When first discovered, the ribonucleic acid (RNA) was regarded as just a link in a chain that passed the message encoded in DNA to protein factories: the ribosomes.
But with the advanced genetic research, in the last few years RNA was upgraded.
The findings of RNA interference and microRNAs showed that this molecular type plays a major role in genomic activity. Now, a research team led by David Bartel, a professor in MIT's Department of Biology, has encountered an entirely new class of RNA molecules.

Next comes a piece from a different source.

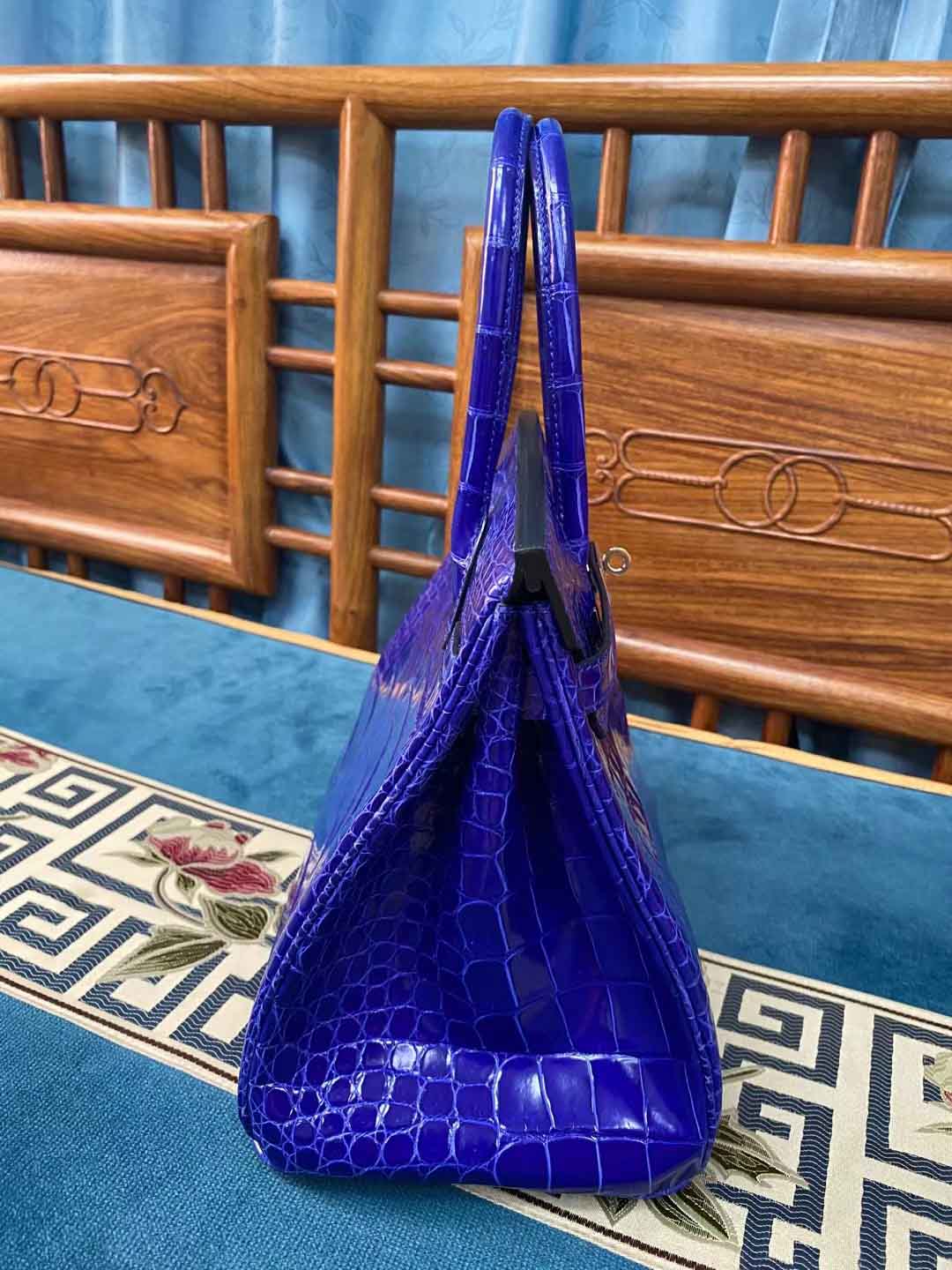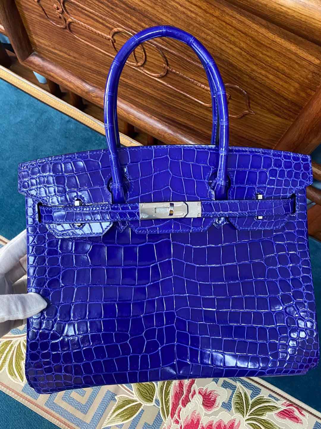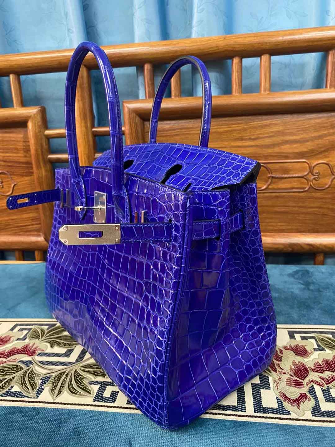 皇鼎铂金30顶级湾鳄电光蓝手包全手缝品鉴,预定自己喜欢的颜色定做湾鳄高端皮具。

More than 5,000 of these
new molecules, baptized 21U-RNAs, were discovered in the C. elegans worm.
The name of these new RNAs depicts their qualities: Each molecule contains 21 nucleotide bases (chemical building blocks), and each starts with the basis named uridine, represented "U" (the only RNA nucleotide basis not found on DNA).
All 5,000 different 21U-RNA molecules originated from one of two chromosomal regions. Further, "we can predict where additional 21U-RNA genes might reside," says Bartel, who is also a member of the Whitehead Institute for Biomedical Research and a Howard Hughes Medical Institute investigator. "Combining these predictions with the 5,000 (21U-RNAs) that we experimentally identified, we suspect that there are more than 12,000 different 21U-RNA genes in the genome."

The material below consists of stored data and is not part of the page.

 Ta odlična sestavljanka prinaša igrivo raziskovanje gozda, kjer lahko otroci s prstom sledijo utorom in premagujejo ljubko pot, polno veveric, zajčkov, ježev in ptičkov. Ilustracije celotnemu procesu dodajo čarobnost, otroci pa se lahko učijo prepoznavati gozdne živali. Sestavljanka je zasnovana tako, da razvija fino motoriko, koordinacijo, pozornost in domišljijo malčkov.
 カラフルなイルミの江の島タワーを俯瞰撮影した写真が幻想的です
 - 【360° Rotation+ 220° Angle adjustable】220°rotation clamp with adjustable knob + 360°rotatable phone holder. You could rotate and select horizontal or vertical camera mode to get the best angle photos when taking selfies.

"There are so many 21U-RNA genes spread out over such a wide swath of the genome, but they all share common requirements for expression and common structural features," says Bartel lab Ph.D. student J. Graham Ruby, lead author on the study.
Till now, the function of these molecules remains unknown, but their uniform structure points towards a specific role. This "common structure and origin suggests an important function," said MIT Institute Professor and Nobel Laureate Phillip Sharp, a biologist.
"It requires function to conserve specificity."